Insulation is critical, yet facility owners often ignore that
Hot Water Control Valve

Overlooking opportunities to insulate energy-losing components is more about ignorance than neglect. But even one component radiating high temperatures can add up to a significant amount of lost energy when multiplied by time, which means squandered capital. How much? The U.S. Department of Energy’s Advanced Manufacturing Office offers numerous calculations on its website. For example, installing “a one-inch-thick blanket on an uninsulated six-inch gate valve in a 250-psig saturated steam line yields a savings of $525 per year.”

For this reason, Shannon believes strongly in a detail-oriented approach to surveying for energy-saving opportunities and designing high-quality reusable insulation blankets that adhere to industry specs.

“The belief that the ‘devil is in the details’ is crucial to the success of identifying optimal thermal and safety opportunities,” said Mike Makofsky, northeast regional manager for Shannon.

Boiler plants, for instance, are where some facility owners are overlooking opportunities to insulate energy-losing components.

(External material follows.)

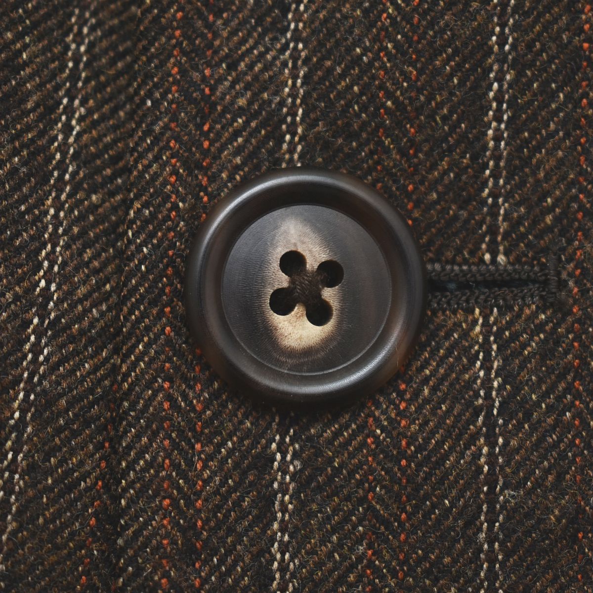 ブラウンベースに、ヘリンボーン織りとオレンジ&ホワイトのピンストライプが走る洒脱な生地感が特徴。重厚感と華やかさを兼ね備えた色柄が魅力です。

Manways, where workers can access the boiler when performing maintenance typically are not insulated, despite reaching high temperatures.

Safety valves, while they might not conduct heat themselves, radiate energy from the flanges that attach them to the boiler. Insulating these flanges limits how much heat energy radiates away from these points. Inspection ports on boilers can bleed energy as well as pose a safety risk to workers, but frequently, facility owners leave them uncovered.

“There are inspection ports called hand holds. They’re about seven-inch diameter areas directly on the side of boilers, right at face or knee level, that are screaming,” said Makofsky. “So, you have this seven-inch diameter hole throwing out 250-degree Fahrenheit temperatures.”

Facility owners commonly overlook feed water return systems, too, particularly due to their small size and location high above a facility floor.

“Customers rarely ask about feedwater return systems,” said Makofsky. “It’s only a one-inch pipe, a couple hundred degrees, and it’s far up, so it isn’t a safety issue; they typically just let it go uninsulated. But there’s a lot of energy lost there.”

Insulation prevents components from bleeding energy, saves money for the business, and keeps workers safe. Through survey and inspection, Shannon representatives keep an eye on the details that help clients spot energy-saving opportunities and mitigate energy loss.